Ezra Furman
Transangelic Exodus

(Bella Union)


Ezra Furman has never played by the rules. The 31-year-old has become one of pop’s unlikelier heroes, a performer of rare honesty who gained a sizeable cult following 2013’s ‘Day Of The Dog’ at the very point he was considering giving up music to become a teacher. So it makes a strange kind of sense that ‘Transangelic Exodus’, his fourth solo record and one that’s supposed to launch him towards pop superstardom, is something of a concept album; “a queer outlaw saga” as he puts it.

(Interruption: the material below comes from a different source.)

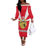 Tunisia Independence Day Off The Shoulder Long Sleeve Dress with Coat of Arms and Flag Style

Gone are the classic rock ‘n’ roll romps of his earlier work, replaced by something darker and more feral. Partly this is down to the subject matter he confronts – fascism, paranoia, and stigmatization are all dissected – and partly due to a desire to do something different. This new mood is evident from the off; the sickly, anxious groove of ‘Driving Down to L.A.’ and the scratchy, sparse orchestration of ‘God Lifts Up The Lonely’ – including a verse entirely in Hebrew – capture a sense of despair and fear that runs through all thirteen tracks.

But Furman sounds defiant too, injustice fuelling his creative fire. “I’m not about to sit here and watch as they suck the blood from my wound” he spits on the opening track, detailing a break for the border with his lover. It’s a wild ride that chimes perfectly with troubled times and cements Furman’s status as a modern pop auteur of some repute.